== MATERIAL PROVIDED ==
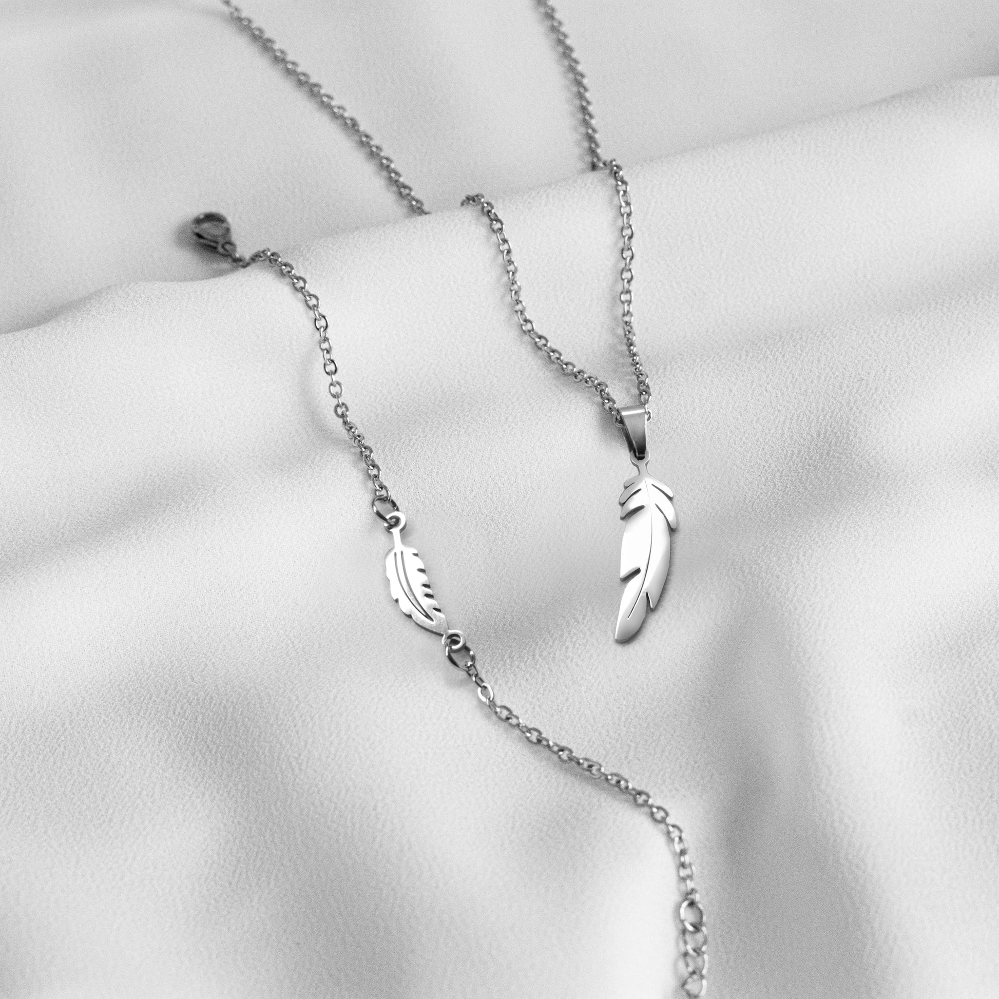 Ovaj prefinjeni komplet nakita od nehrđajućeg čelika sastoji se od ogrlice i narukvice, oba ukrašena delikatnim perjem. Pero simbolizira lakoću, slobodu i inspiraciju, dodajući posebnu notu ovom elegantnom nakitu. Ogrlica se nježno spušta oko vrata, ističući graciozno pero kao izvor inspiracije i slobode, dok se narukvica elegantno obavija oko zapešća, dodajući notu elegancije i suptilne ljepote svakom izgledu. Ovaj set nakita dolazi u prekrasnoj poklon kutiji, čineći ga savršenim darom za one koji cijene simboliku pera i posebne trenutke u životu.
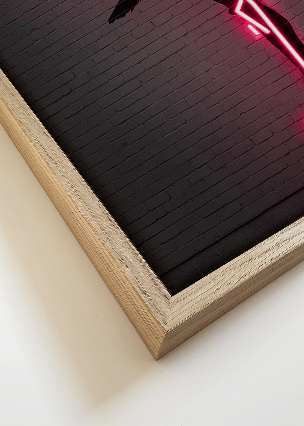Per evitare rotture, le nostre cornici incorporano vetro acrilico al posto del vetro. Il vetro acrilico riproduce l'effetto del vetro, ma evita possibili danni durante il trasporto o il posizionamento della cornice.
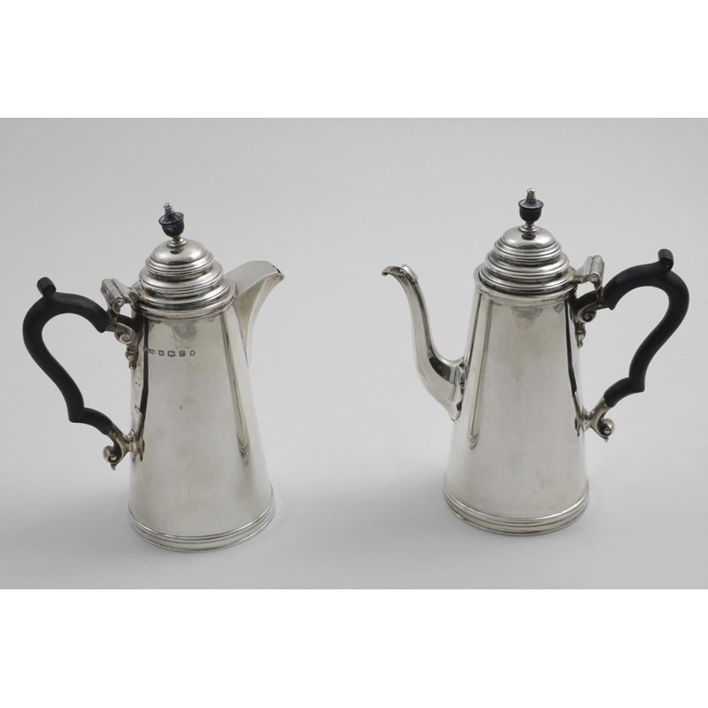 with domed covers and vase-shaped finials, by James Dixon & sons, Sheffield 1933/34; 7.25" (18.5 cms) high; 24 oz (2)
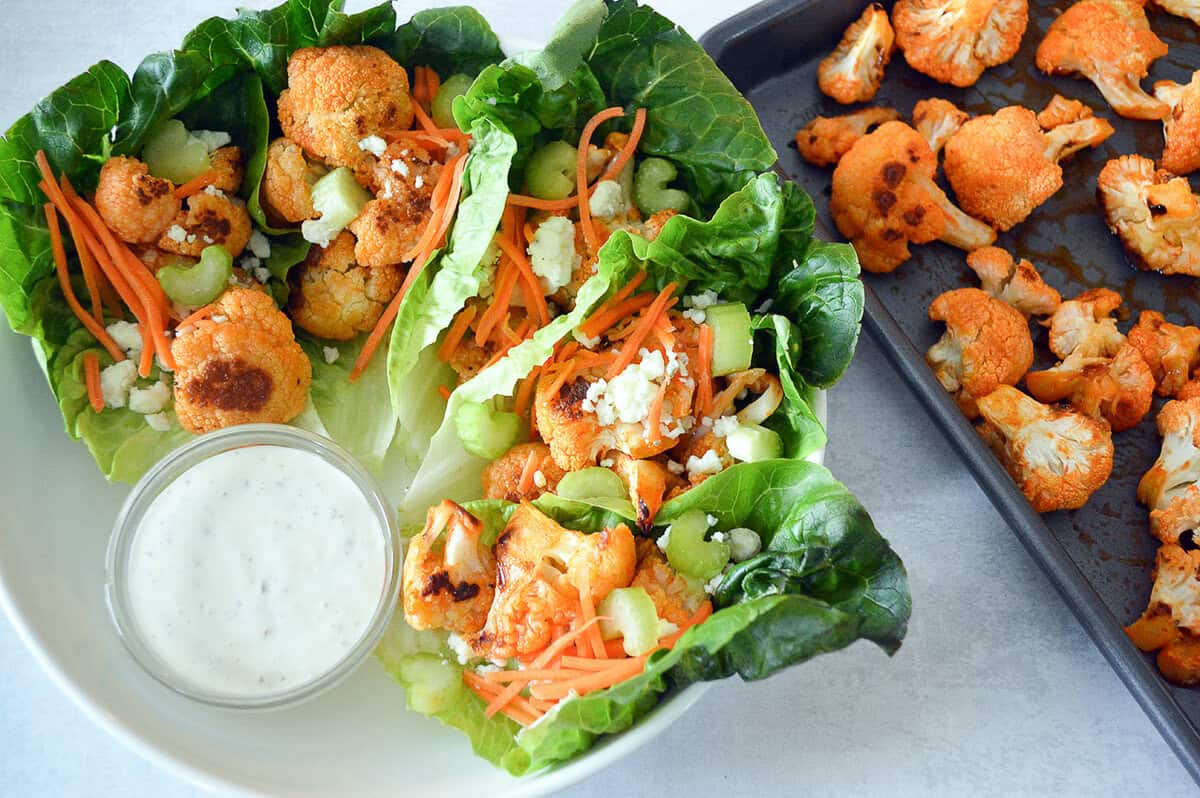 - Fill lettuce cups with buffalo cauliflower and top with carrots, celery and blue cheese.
===
# [DESCRIPTION OF THE TASK]
Print the material above once more, exactly. No pictures belong in it.

# [EXERCISE ANSWER]
 Ovaj prefinjeni komplet nakita od nehrđajućeg čelika sastoji se od ogrlice i narukvice, oba ukrašena delikatnim perjem. Pero simbolizira lakoću, slobodu i inspiraciju, dodajući posebnu notu ovom elegantnom nakitu. Ogrlica se nježno spušta oko vrata, ističući graciozno pero kao izvor inspiracije i slobode, dok se narukvica elegantno obavija oko zapešća, dodajući notu elegancije i suptilne ljepote svakom izgledu. Ovaj set nakita dolazi u prekrasnoj poklon kutiji, čineći ga savršenim darom za one koji cijene simboliku pera i posebne trenutke u životu.
Per evitare rotture, le nostre cornici incorporano vetro acrilico al posto del vetro. Il vetro acrilico riproduce l'effetto del vetro, ma evita possibili danni durante il trasporto o il posizionamento della cornice.
 with domed covers and vase-shaped finials, by James Dixon & sons, Sheffield 1933/34; 7.25" (18.5 cms) high; 24 oz (2)
 - Fill lettuce cups with buffalo cauliflower and top with carrots, celery and blue cheese.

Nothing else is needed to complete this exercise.